• GIVEN DATA:
Start of Block

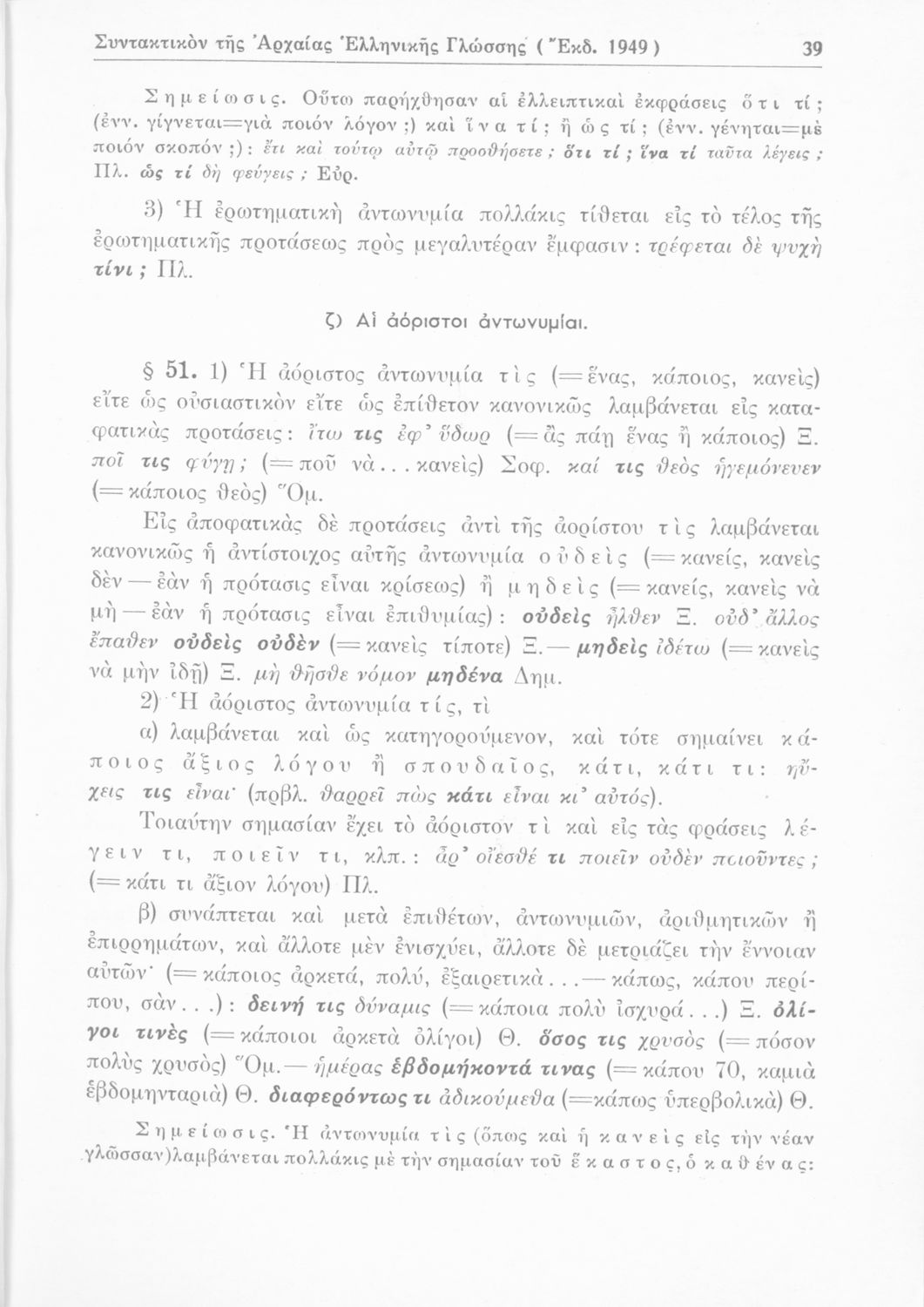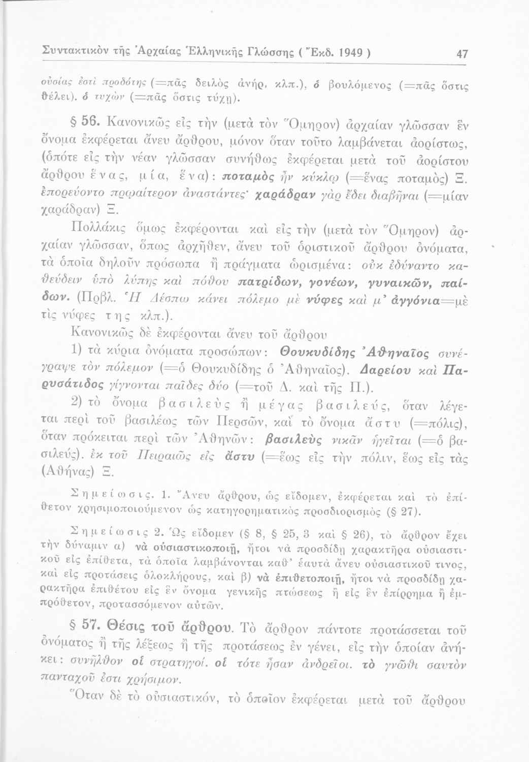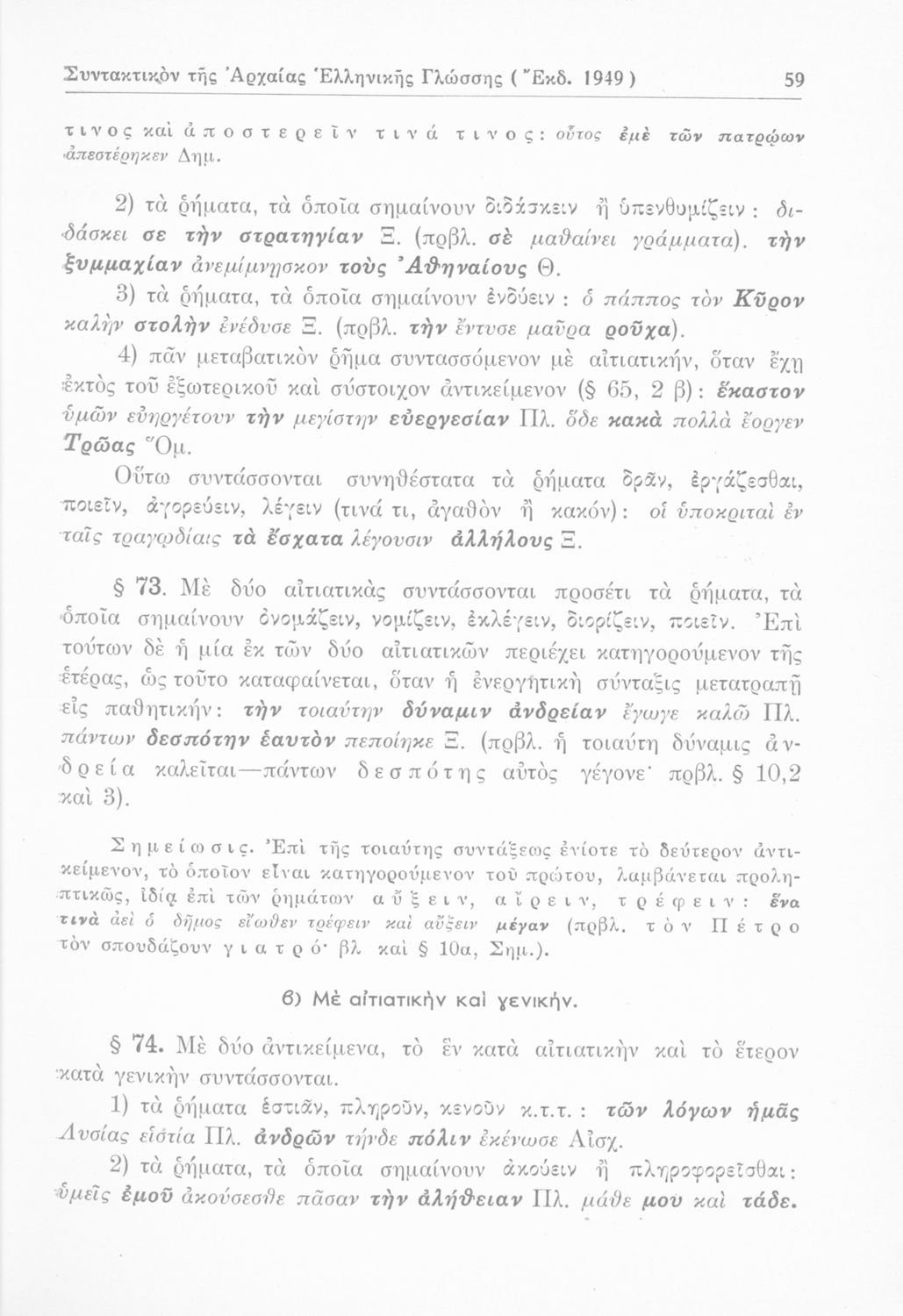 Σχολικό εγχειρίδιο Αρχαίων Ελληνικών Γυμνασίου που εξετάζει τα μέρη του λόγου και την σύνταξή τους.
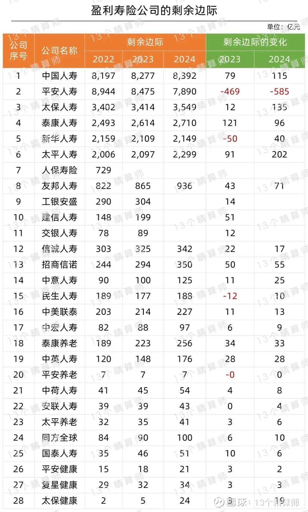 到2024年底,只有27家寿险公司连续三年在税务口径下盈利。附表中有28家公司,其中只有人保寿没有达到这个标准,这从人保寿2022年公布的CGAAP口径下的年报中也可以确认,2021年和2022年都不需要交公司所得税。2022年人保寿及其他上市寿险公司公布了旧准则CGAAP下的剩余边际,2023和2024年在新准则下只公布了合同服务边际CSM。
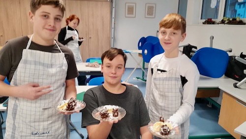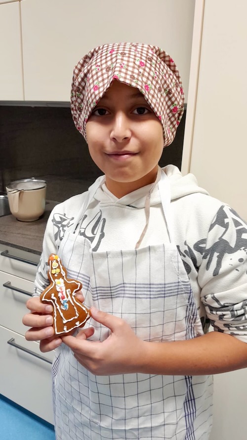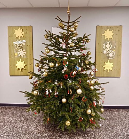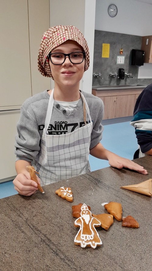 Nein, es sind die Kinder, die da freudig lärmen und backen und klopfen. Es werden im Fach Ernährung und Haushalt köstliche Schnitzerl paniert und gebraten, als Dessert finden sich süße Zapfen mit Vanilleeis ein. Ein paar köstliche Lebkuchen und Keksen dürfen auch ausgestochen, verziert und mit nach Hause genommen werden. Köstliches Weihnachtsessen mit Nachahmungseffekt! Mit diesen Unterrichtseinheiten und köstlicher Kochpraxis freuen sich die SchülerInnen ganz besonders auf die kommenden Weihnachtsferien.Das Schulhaus ist mit feinen Ornamenten passend zur Advent- und Weihnachtszeit geschmückt.
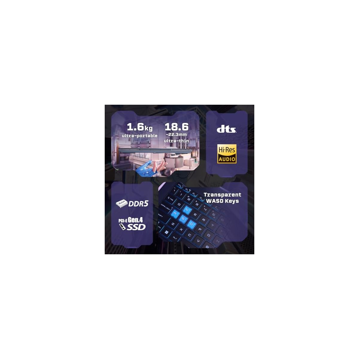 Memory & Storage: 8GBx2 DDR5 Onboard Dual Channel RAM | Storage: 512GB NVMe PCIe Gen4x4 SSD
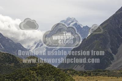 Spectacular scenery of glacial valley with snow capped mountains and forested slopes in Aoraki Mount Cook National Park. Surrounded by snow covered mountains this spectacular wilderness area in South Island New Zealand ihas now been designated a World Heritage Site.
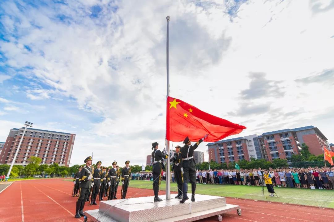 我校党委书记周云同志在鲜艳的五星红旗下发表了重要讲话。她对全体师生致以新学期的问候。她讲到,再过28天,我们就将迎来中华人民共和国成立70周年华诞,举国上下洋溢着浓浓的爱国情怀。我们在新学期第一天这里隆重集会,举行升国旗仪式,神圣而有意义。习近平总书记在纪念五四运动100周年大会上把“爱国主义”作为一条鲜明主线贯穿全篇,科学回答了新时代青年“为什么要爱国、怎样才是爱国、如何去爱国”的根本问题,明确强调了爱国主义之于新时代青年的时代价值,鲜明指出了新时代青年践行爱国主义的实践要求。
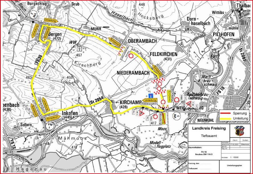 "Während der gesamten Bauzeit bleibt die Kreisstraße FS16 im Bereich des Bauwerks für den gesamten Verkehr gesperrt", heißt es in einer Presse-Mitteilung aus dem Freisinger Landratsamt. Auch Fußgänger und Radfahrer könnten den Ambacher Bach dort nicht überqueren. Der Verkehr aus Moosburg an der Isar nach Niederambach werde auf der Staatsstraße 2054 nach Inkofen, Bergen und Oberambach geleitet. Analog erfolge die Umleitung für den Verkehr aus Richtung Westen. Die Umleitungs-Route sei ausgeschildert. (Grafik: Landratsamt Freising)
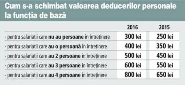 La un salariu de 2.847 de lei brut în 2015 (adică 2.000 de lei net anul trecut), deducerea personală pentru funcţia de bază era de 30 de lei. Începând din acest an, deducerea crescut la valoarea de 40 de lei, deci salariul net al angajatului creşte cu doar 3 lei pe lună.
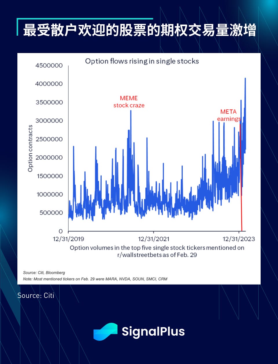 与加密货币类似,散户交易活动激增,个股期权的交易量不断增加,甚至远超过 2021 年的高点,且在 NVDA 和 META 的正向盈利结果后进一步加速。
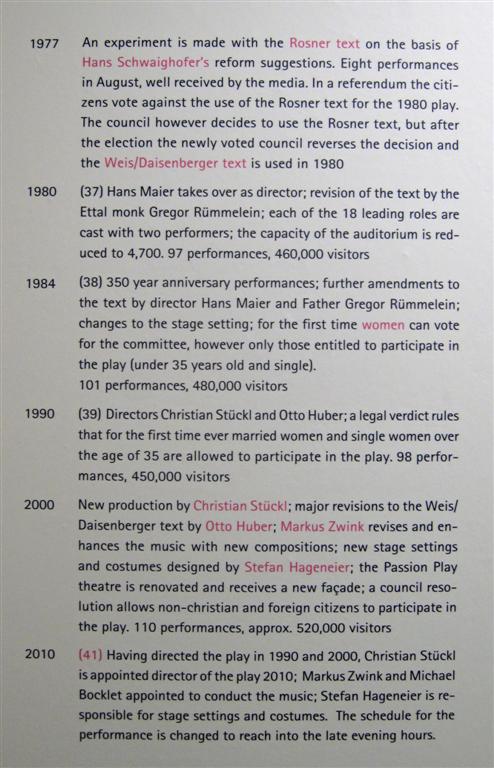 When I go through museums, I really don't have the time and the patience to stand there reading all the text they display. I take a photo of it and read it later at my leisure. Here is the complete history of this Passion Play. Just scroll down, if not interesting to you. Here is from 1633 to 1840.
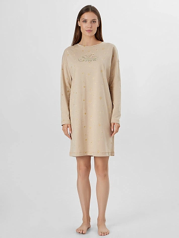 Женская пижама бежевого оттенка из хлопка с милой надписью "Время сиять" создана для комфортного отдыха. Комплект включает джемпер прямого силуэта и свободные бриджи, выполненные из мягкого натурального хлопка, приятного к телу и обеспечивающего идеальную воздухопроницаемость. Джемпер с круглой горловиной и короткими рукавами удобно садится по фигуре, а свободный крой брюк с эластичным поясом на тесьме гарантирует полную свободу движений во время сна.
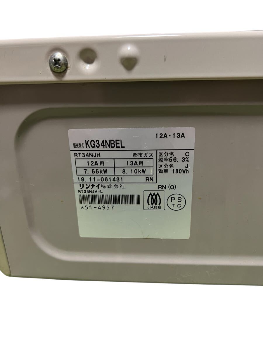 Product name: 【動作品】Rinnai リンナイ ガスコンロ ガステーブル 都市ガス KG34NBE RT34NJH 2019年製
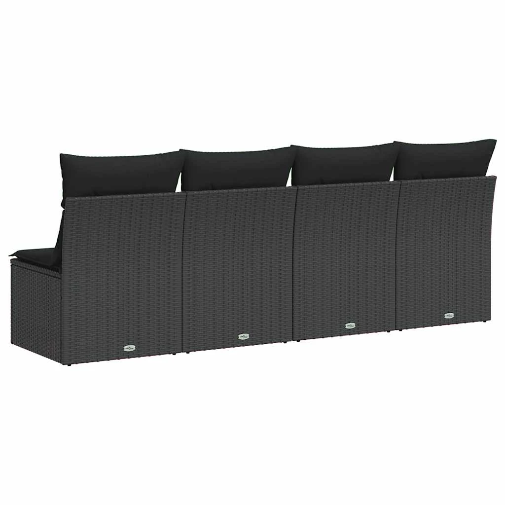 vidaXL dārza dīvāns ar spilveniem, 4 sēdvietas, melns polietilēna rotangpalmas audums

End of Block

• WHAT IS REQUIRED:
Reproduce every record above exactly, but leave out the pictures.

• SOLUTION FOR THIS TASK:
 Σχολικό εγχειρίδιο Αρχαίων Ελληνικών Γυμνασίου που εξετάζει τα μέρη του λόγου και την σύνταξή τους.
 到2024年底,只有27家寿险公司连续三年在税务口径下盈利。附表中有28家公司,其中只有人保寿没有达到这个标准,这从人保寿2022年公布的CGAAP口径下的年报中也可以确认,2021年和2022年都不需要交公司所得税。2022年人保寿及其他上市寿险公司公布了旧准则CGAAP下的剩余边际,2023和2024年在新准则下只公布了合同服务边际CSM。
 Nein, es sind die Kinder, die da freudig lärmen und backen und klopfen. Es werden im Fach Ernährung und Haushalt köstliche Schnitzerl paniert und gebraten, als Dessert finden sich süße Zapfen mit Vanilleeis ein. Ein paar köstliche Lebkuchen und Keksen dürfen auch ausgestochen, verziert und mit nach Hause genommen werden. Köstliches Weihnachtsessen mit Nachahmungseffekt! Mit diesen Unterrichtseinheiten und köstlicher Kochpraxis freuen sich die SchülerInnen ganz besonders auf die kommenden Weihnachtsferien.Das Schulhaus ist mit feinen Ornamenten passend zur Advent- und Weihnachtszeit geschmückt.
 Memory & Storage: 8GBx2 DDR5 Onboard Dual Channel RAM | Storage: 512GB NVMe PCIe Gen4x4 SSD
 Spectacular scenery of glacial valley with snow capped mountains and forested slopes in Aoraki Mount Cook National Park. Surrounded by snow covered mountains this spectacular wilderness area in South Island New Zealand ihas now been designated a World Heritage Site.
 我校党委书记周云同志在鲜艳的五星红旗下发表了重要讲话。她对全体师生致以新学期的问候。她讲到,再过28天,我们就将迎来中华人民共和国成立70周年华诞,举国上下洋溢着浓浓的爱国情怀。我们在新学期第一天这里隆重集会,举行升国旗仪式,神圣而有意义。习近平总书记在纪念五四运动100周年大会上把“爱国主义”作为一条鲜明主线贯穿全篇,科学回答了新时代青年“为什么要爱国、怎样才是爱国、如何去爱国”的根本问题,明确强调了爱国主义之于新时代青年的时代价值,鲜明指出了新时代青年践行爱国主义的实践要求。
 "Während der gesamten Bauzeit bleibt die Kreisstraße FS16 im Bereich des Bauwerks für den gesamten Verkehr gesperrt", heißt es in einer Presse-Mitteilung aus dem Freisinger Landratsamt. Auch Fußgänger und Radfahrer könnten den Ambacher Bach dort nicht überqueren. Der Verkehr aus Moosburg an der Isar nach Niederambach werde auf der Staatsstraße 2054 nach Inkofen, Bergen und Oberambach geleitet. Analog erfolge die Umleitung für den Verkehr aus Richtung Westen. Die Umleitungs-Route sei ausgeschildert. (Grafik: Landratsamt Freising)
 La un salariu de 2.847 de lei brut în 2015 (adică 2.000 de lei net anul trecut), deducerea personală pentru funcţia de bază era de 30 de lei. Începând din acest an, deducerea crescut la valoarea de 40 de lei, deci salariul net al angajatului creşte cu doar 3 lei pe lună.
 与加密货币类似,散户交易活动激增,个股期权的交易量不断增加,甚至远超过 2021 年的高点,且在 NVDA 和 META 的正向盈利结果后进一步加速。
 When I go through museums, I really don't have the time and the patience to stand there reading all the text they display. I take a photo of it and read it later at my leisure. Here is the complete history of this Passion Play. Just scroll down, if not interesting to you. Here is from 1633 to 1840.
 Женская пижама бежевого оттенка из хлопка с милой надписью "Время сиять" создана для комфортного отдыха. Комплект включает джемпер прямого силуэта и свободные бриджи, выполненные из мягкого натурального хлопка, приятного к телу и обеспечивающего идеальную воздухопроницаемость. Джемпер с круглой горловиной и короткими рукавами удобно садится по фигуре, а свободный крой брюк с эластичным поясом на тесьме гарантирует полную свободу движений во время сна.
 Product name: 【動作品】Rinnai リンナイ ガスコンロ ガステーブル 都市ガス KG34NBE RT34NJH 2019年製
 vidaXL dārza dīvāns ar spilveniem, 4 sēdvietas, melns polietilēna rotangpalmas audums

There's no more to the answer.